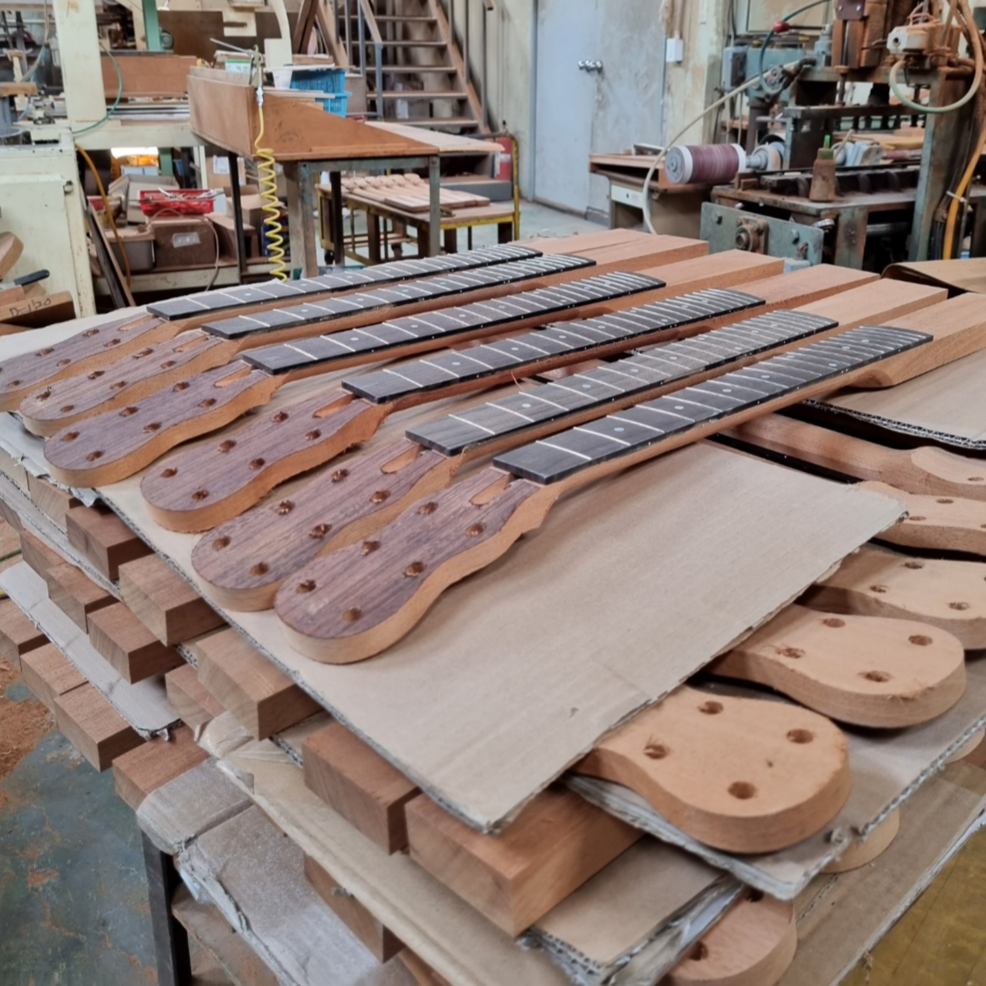 We control the entire production process, from personally purchasing raw materials to building, assembling, and finishing guitars in our own facilities. Our passion for excellent technology and good tone is evident in the high-quality guitars we produce.
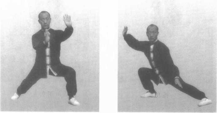对方双拳同时向我正面击来,我以双手粘住对方,向下、向后,引对 方的劲落空后,继续粘住对方,以静待动。
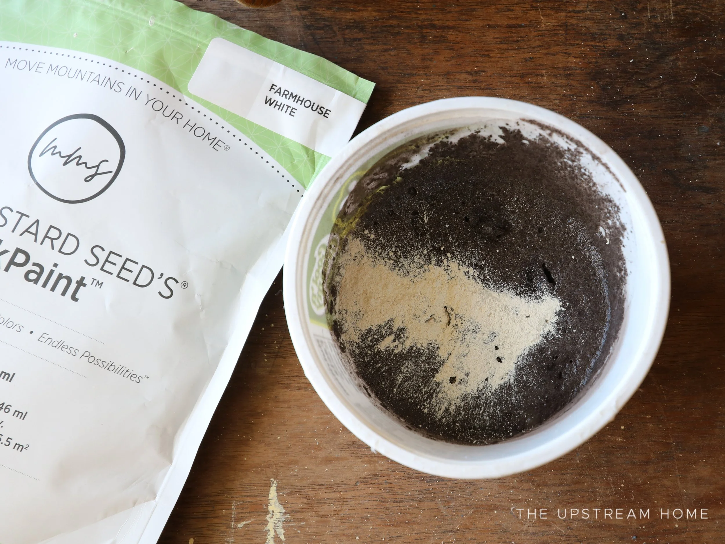 For this particular table, I was going for a little lighter stain, so I tried adding a bit of Farmhouse White to the Curio to lighten the stain. The recipe I used for this tabletop was 1 Tbsp Curio, 1 Tsp Farmhouse White, and 1/4c. Water. You can see when making a stain, your ratio of paint to water is much different than when mixing to paint!
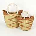 ニアリガバスケット ニケフォルム 雷柄 小 とうもろこしサーモンピンク ナチュラルハンドル
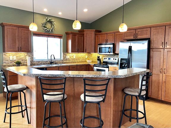 LETS LOOK! This spacious 4 bedroom 3 bath home features an open concept kitchen with island, stainless appliances, pantry & tile back splash. Real wood floors, custom blinds, vaulted ceilings, welcoming foyer with closet. LED lighting upstairs. Attached oversized 3 car garage with shelving & gas heater. There is a large, maintenance free deck, aluminum fence, sprinkler system with 8 zones, concrete curbing, & new rock. This home is decorated in the latest colors and is move-in ready. Call to see.
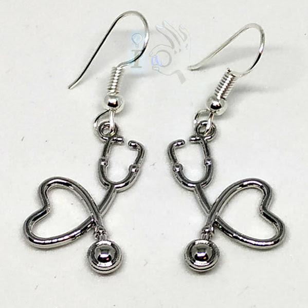 Este primer conjunto es de inspiración médica. ¿y dónde están los corazones? os preguntareis... pues lo primero es que el collar representa un latido de corazón (es la onda eléctrica de un latido), y lo segundo que los pendientes son fonendoscopios que sirven para oír estos latidos, y además forman un corazón. Os los pongo por separado para que los veáis mejor...
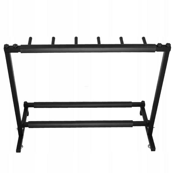 Зручна і міцна підставка на 5 гітар, виготовлена з чорного металу. Він має стійку структуру і додатково має кронштейни, покриті піною, яка захищає гітару від подряпин. Конструкція підставки забезпечує комфортне використання, а основа гарантує стійкість всієї конструкції, а також додатково оброблена протиковзкими ковпачками, які захищають від ковзання, а підлогу - від подряпин. Виготовлений із міцних та естетичних матеріалів, він чудово підійде як вдома, так і як виставковий експонат.

● ● ● ● ●

[ASSIGNMENT]:
Omit the pictures, then output every record exactly as given.

[ANSWER SECTION]:
 We control the entire production process, from personally purchasing raw materials to building, assembling, and finishing guitars in our own facilities. Our passion for excellent technology and good tone is evident in the high-quality guitars we produce.
对方双拳同时向我正面击来,我以双手粘住对方,向下、向后,引对 方的劲落空后,继续粘住对方,以静待动。
 For this particular table, I was going for a little lighter stain, so I tried adding a bit of Farmhouse White to the Curio to lighten the stain. The recipe I used for this tabletop was 1 Tbsp Curio, 1 Tsp Farmhouse White, and 1/4c. Water. You can see when making a stain, your ratio of paint to water is much different than when mixing to paint!
 ニアリガバスケット ニケフォルム 雷柄 小 とうもろこしサーモンピンク ナチュラルハンドル
 LETS LOOK! This spacious 4 bedroom 3 bath home features an open concept kitchen with island, stainless appliances, pantry & tile back splash. Real wood floors, custom blinds, vaulted ceilings, welcoming foyer with closet. LED lighting upstairs. Attached oversized 3 car garage with shelving & gas heater. There is a large, maintenance free deck, aluminum fence, sprinkler system with 8 zones, concrete curbing, & new rock. This home is decorated in the latest colors and is move-in ready. Call to see.
 Este primer conjunto es de inspiración médica. ¿y dónde están los corazones? os preguntareis... pues lo primero es que el collar representa un latido de corazón (es la onda eléctrica de un latido), y lo segundo que los pendientes son fonendoscopios que sirven para oír estos latidos, y además forman un corazón. Os los pongo por separado para que los veáis mejor...
 Зручна і міцна підставка на 5 гітар, виготовлена з чорного металу. Він має стійку структуру і додатково має кронштейни, покриті піною, яка захищає гітару від подряпин. Конструкція підставки забезпечує комфортне використання, а основа гарантує стійкість всієї конструкції, а також додатково оброблена протиковзкими ковпачками, які захищають від ковзання, а підлогу - від подряпин. Виготовлений із міцних та естетичних матеріалів, він чудово підійде як вдома, так і як виставковий експонат.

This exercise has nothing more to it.